# Standard Speakers in 325i



## vimal (Aug 16, 2004)

Hi,

I know 325i comes with a optional Harmon Kardon system. But what is the standard speaker system in 325i?
Is it Bose?

MSN autos tells it has "Bose(R) AM/FM Radio With 8 Speakers Total"


----------



## Jim H (Feb 9, 2004)

vimal said:


> Hi,
> 
> I know 325i comes with a optional Harmon Kardon system. But what is the standard speaker system in 325i?
> Is it Bose?
> ...


Someone chime in if I'm wrong, but my understanding is that the speakers in the HK system vs. non-HK are identical. HK adds: a few more speakers (including subs) and an upgraded amp setup. But the main original speakers stay the same.


----------



## phita23 (Aug 26, 2004)

I'd like to know as well. How many watts? Brand?


----------



## Technic (Jun 24, 2002)

Jim H said:


> Someone chime in if I'm wrong, but my understanding is that the speakers in the HK system vs. non-HK are identical.

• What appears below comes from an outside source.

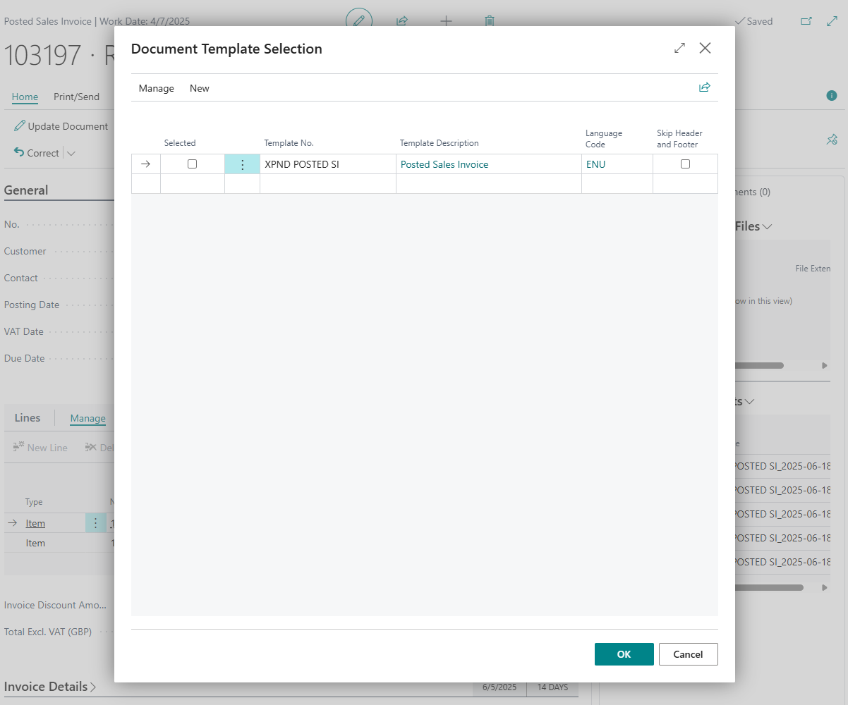 However, you can extend the integration with Business Central if needed. Documents can always be generated from the document template card (where the template was created), which may be useful, for example, if the actions for generating documents are not available on a specific page or if the document is not directly related to a Business Central document or entity.

HK adds: a few more speakers (including subs) and an upgraded amp setup. But the main original speakers stay the same.


They are identical in _size_ only... check this HK upgrade project for more info. :thumbup:


----------



## Kaz (Dec 21, 2001)

They're actually not identical in size (well, not the woofers)

The standards are from random suppliers (most are from 'HAES'). The HK woofers actually have slightly smaller cones made from what appears to be crappier-looking paper, and a narrower foam surround. Magnets are identical, and the voice coils are both 1". The HK's frequency response doesn't go as low, which is obviously a non-issue since the HK system has a sub, and the woofers are highpassed anyhow.

I did quite a bit of comparisons between the two woofers and some aftermarkets when trying to pick what to use in the back of my wagon, and the HKs DO sound better than the normals ones. In fact, they sounded better than an old set of Boston Rally coaxes that were lying around the house.

I've posted wattage (determined by opening the amp) somewhere before.


----------



## vimal (Aug 16, 2004)

Jim H said:


> Someone chime in if I'm wrong, but my understanding is that the speakers in the HK system vs. non-HK are identical. HK adds: a few more speakers (including subs) and an upgraded amp setup. But the main original speakers stay the same.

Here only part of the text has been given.